What the task requires >> Work through the listing below and give again exactly the lines from the one with "這些氣體中電子特種氣體(ES" to the one with "沿城市核心发展主轴上新建东滨", both ends included. All other lines and all pictures stay out.

The data >>
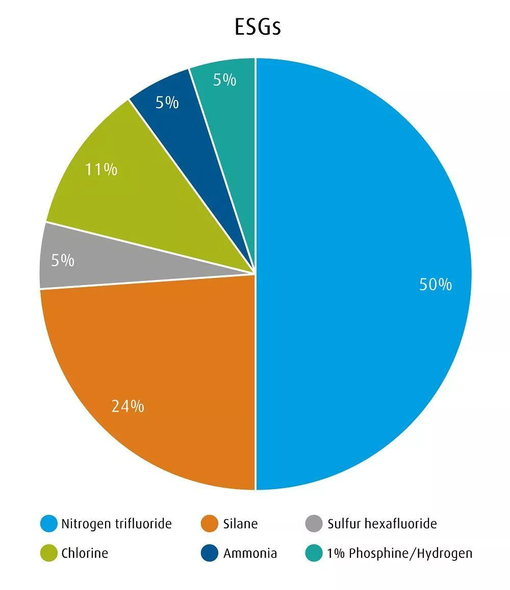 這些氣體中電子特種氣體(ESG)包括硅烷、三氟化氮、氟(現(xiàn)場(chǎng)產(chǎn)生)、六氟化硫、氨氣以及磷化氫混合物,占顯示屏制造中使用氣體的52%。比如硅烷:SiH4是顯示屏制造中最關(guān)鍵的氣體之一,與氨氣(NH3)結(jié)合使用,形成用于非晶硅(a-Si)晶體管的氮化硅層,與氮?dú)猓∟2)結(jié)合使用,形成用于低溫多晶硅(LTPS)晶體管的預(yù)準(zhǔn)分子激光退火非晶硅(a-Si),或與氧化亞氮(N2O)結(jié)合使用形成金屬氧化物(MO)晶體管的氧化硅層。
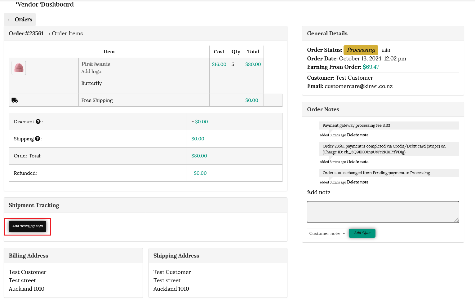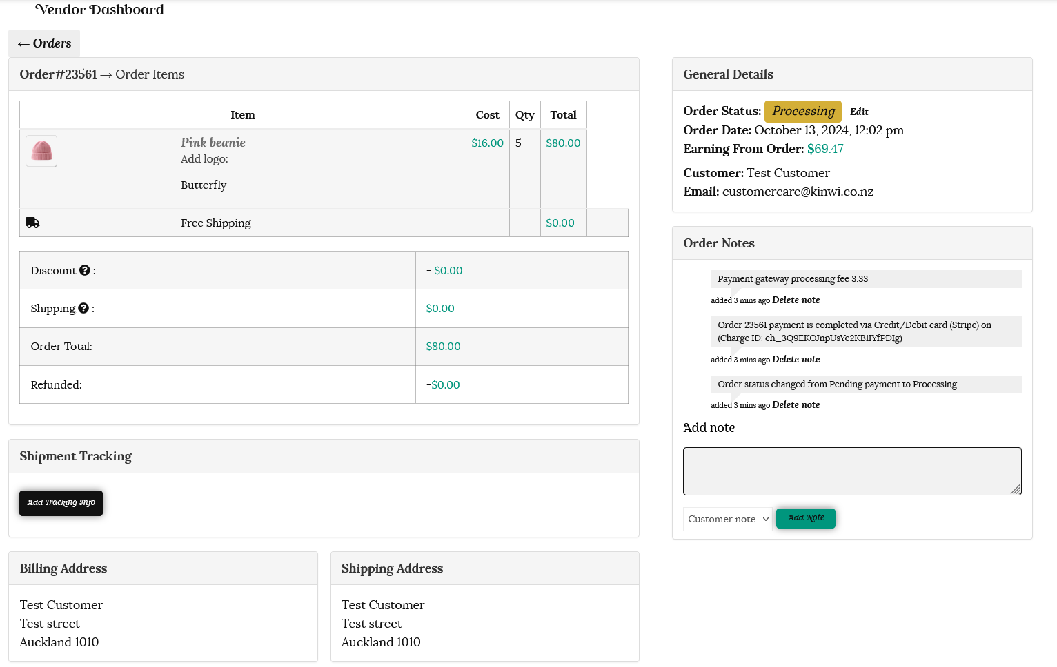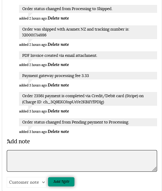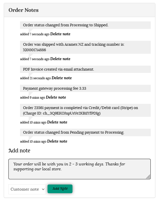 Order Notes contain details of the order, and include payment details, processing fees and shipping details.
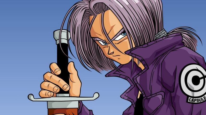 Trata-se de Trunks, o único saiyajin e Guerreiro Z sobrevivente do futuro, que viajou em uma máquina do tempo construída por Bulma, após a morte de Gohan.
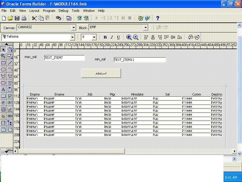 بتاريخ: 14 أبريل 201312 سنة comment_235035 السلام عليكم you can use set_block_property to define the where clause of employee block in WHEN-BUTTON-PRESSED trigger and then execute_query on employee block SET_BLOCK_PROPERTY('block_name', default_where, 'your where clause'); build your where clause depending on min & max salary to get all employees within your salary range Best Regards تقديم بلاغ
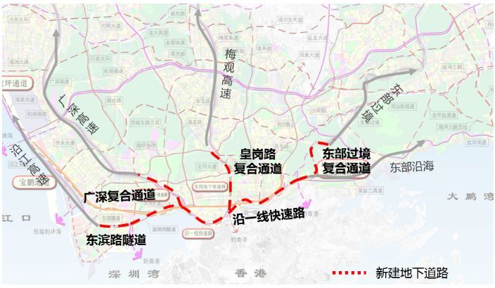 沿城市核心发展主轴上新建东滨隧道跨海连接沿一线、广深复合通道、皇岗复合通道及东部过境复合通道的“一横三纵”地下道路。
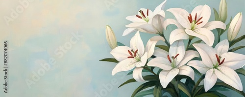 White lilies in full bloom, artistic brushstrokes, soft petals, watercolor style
* * *
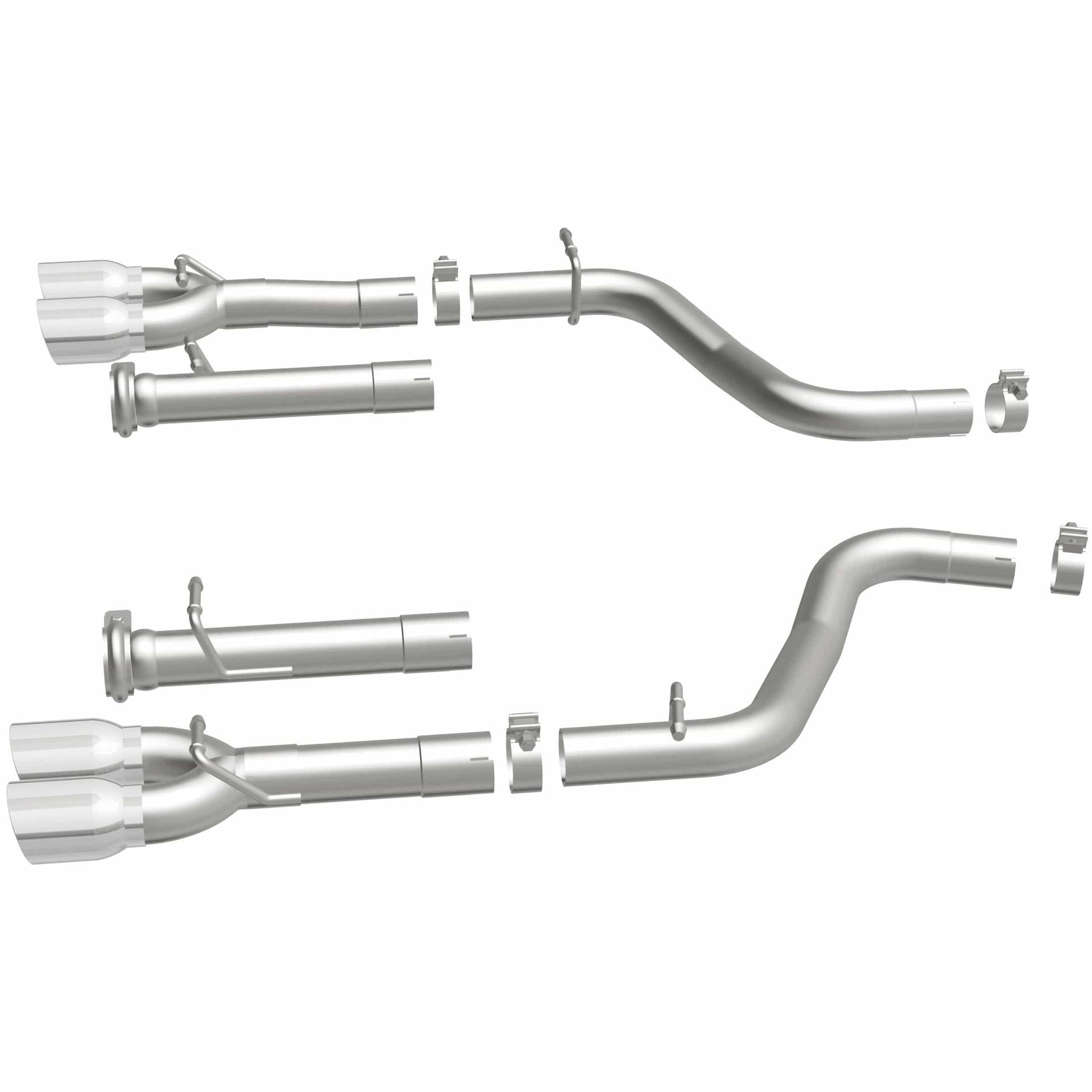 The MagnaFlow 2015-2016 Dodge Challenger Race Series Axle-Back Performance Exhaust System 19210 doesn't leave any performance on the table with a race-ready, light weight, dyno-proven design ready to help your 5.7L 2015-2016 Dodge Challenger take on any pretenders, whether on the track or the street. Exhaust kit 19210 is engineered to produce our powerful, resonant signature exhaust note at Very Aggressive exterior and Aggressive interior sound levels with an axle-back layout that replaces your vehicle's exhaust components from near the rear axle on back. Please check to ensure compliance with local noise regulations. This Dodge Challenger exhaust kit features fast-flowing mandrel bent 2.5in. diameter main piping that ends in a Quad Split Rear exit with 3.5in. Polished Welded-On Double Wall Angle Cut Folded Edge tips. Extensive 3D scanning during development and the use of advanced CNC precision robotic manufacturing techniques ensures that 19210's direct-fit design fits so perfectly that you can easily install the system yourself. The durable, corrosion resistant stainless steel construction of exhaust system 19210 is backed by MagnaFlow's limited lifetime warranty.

Solution for this problem >>
 這些氣體中電子特種氣體(ESG)包括硅烷、三氟化氮、氟(現(xiàn)場(chǎng)產(chǎn)生)、六氟化硫、氨氣以及磷化氫混合物,占顯示屏制造中使用氣體的52%。比如硅烷:SiH4是顯示屏制造中最關(guān)鍵的氣體之一,與氨氣(NH3)結(jié)合使用,形成用于非晶硅(a-Si)晶體管的氮化硅層,與氮?dú)猓∟2)結(jié)合使用,形成用于低溫多晶硅(LTPS)晶體管的預(yù)準(zhǔn)分子激光退火非晶硅(a-Si),或與氧化亞氮(N2O)結(jié)合使用形成金屬氧化物(MO)晶體管的氧化硅層。
 Order Notes contain details of the order, and include payment details, processing fees and shipping details.
 Trata-se de Trunks, o único saiyajin e Guerreiro Z sobrevivente do futuro, que viajou em uma máquina do tempo construída por Bulma, após a morte de Gohan.
 بتاريخ: 14 أبريل 201312 سنة comment_235035 السلام عليكم you can use set_block_property to define the where clause of employee block in WHEN-BUTTON-PRESSED trigger and then execute_query on employee block SET_BLOCK_PROPERTY('block_name', default_where, 'your where clause'); build your where clause depending on min & max salary to get all employees within your salary range Best Regards تقديم بلاغ
 沿城市核心发展主轴上新建东滨隧道跨海连接沿一线、广深复合通道、皇岗复合通道及东部过境复合通道的“一横三纵”地下道路。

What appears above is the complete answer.